Exercise requirements:
Only the lines from the one containing "Ce dortoir comprend" through the end of the material should be printed, exactly as they appear. Leave out pictures.

Material provided:
==============================

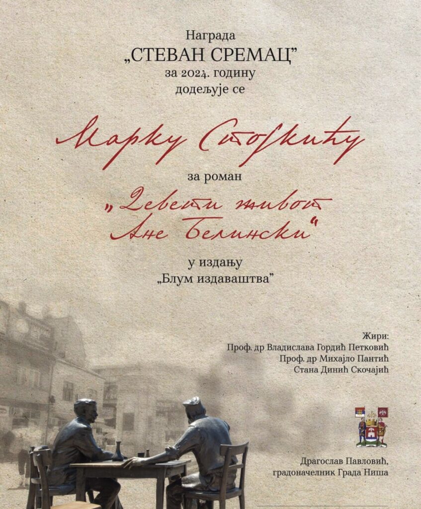 Svečano uručenje planirano je u novembru, u okviru manifestacije „Dani Stevana Sremca”. Podsetimo, prošlogodišnji dobitnik ovog priznanja je Marko Stojkić za knjigu „Deveti život Ane Belinski”.
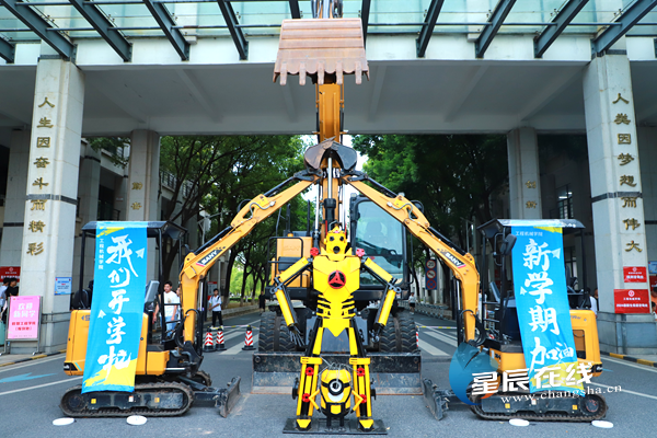 星辰在线9月9日讯(星辰全媒体记者 文春燕 通讯员 高妍)独特的挖机造型、2.3米“变形金刚”模型、小造型奇特的焊接作品、自制人体工学椅……9月7日,湖南三一工业职业技术学院(以下简称“三一职院”)迎来全国各地新生报到,智能焊接、工程机械、数控技术、室内设计等各专业学生自制课程作品,引得新生及家长纷纷侧目。更有物流专业学长开着叉车穿梭其中,为新生搬运行李,新生及家长们纷纷表示:“太有特色了!”
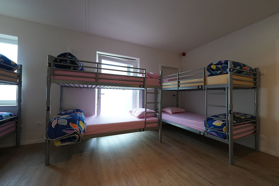 Ce dortoir comprend une salle de bain privative équipée d'une douche, d'un bidet, d'un sèche-cheveux et de chaussons. Il dispose de 6 lits superposés pour un séjour confortable et convivial. Superficie : 30 m².
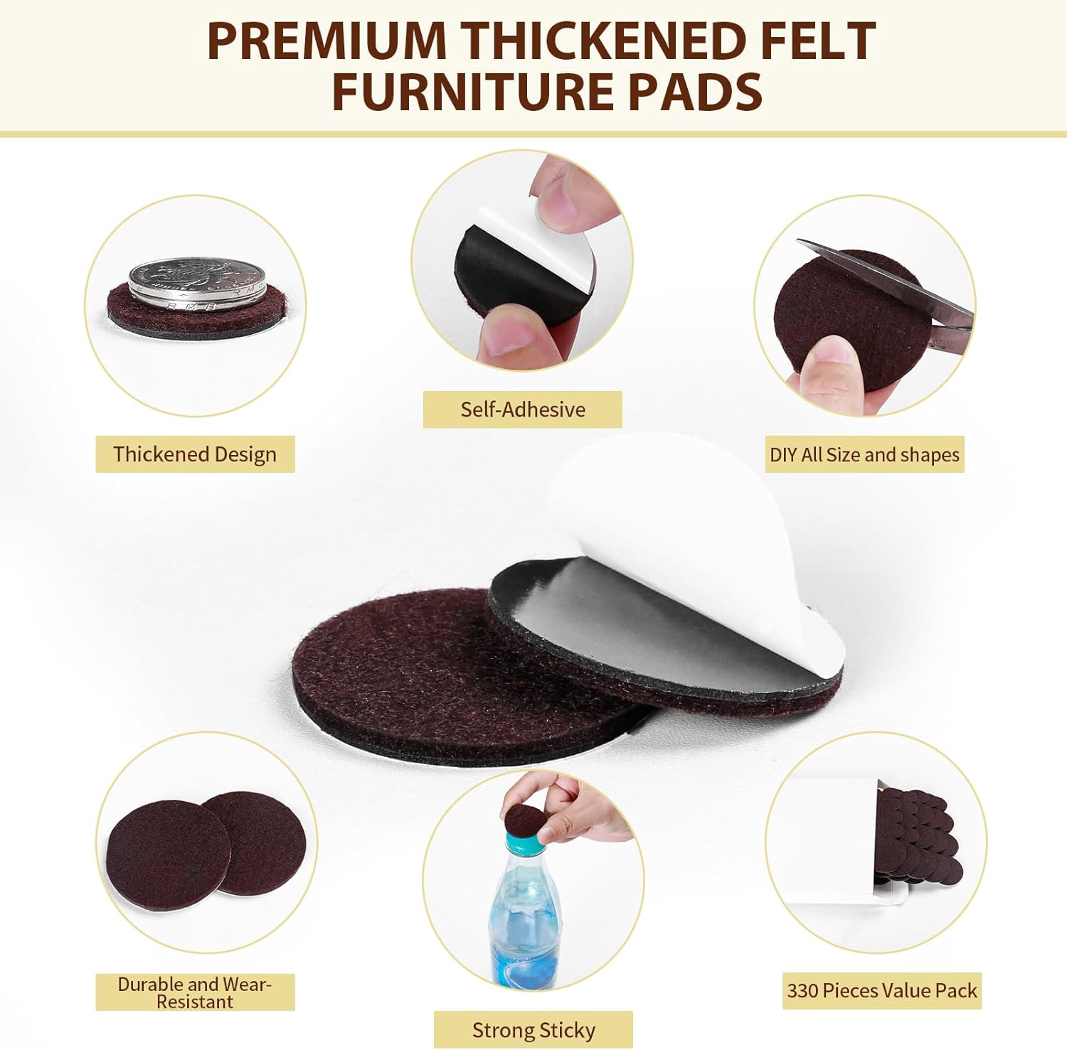 - ❤️【Value Pack】Get 330 pieces in one box—includes brown round and square pads in multiple sizes (0.375" to 6"). Everything you need for full home protection!

==============================

Reply:
 Ce dortoir comprend une salle de bain privative équipée d'une douche, d'un bidet, d'un sèche-cheveux et de chaussons. Il dispose de 6 lits superposés pour un séjour confortable et convivial. Superficie : 30 m².
 - ❤️【Value Pack】Get 330 pieces in one box—includes brown round and square pads in multiple sizes (0.375" to 6"). Everything you need for full home protection!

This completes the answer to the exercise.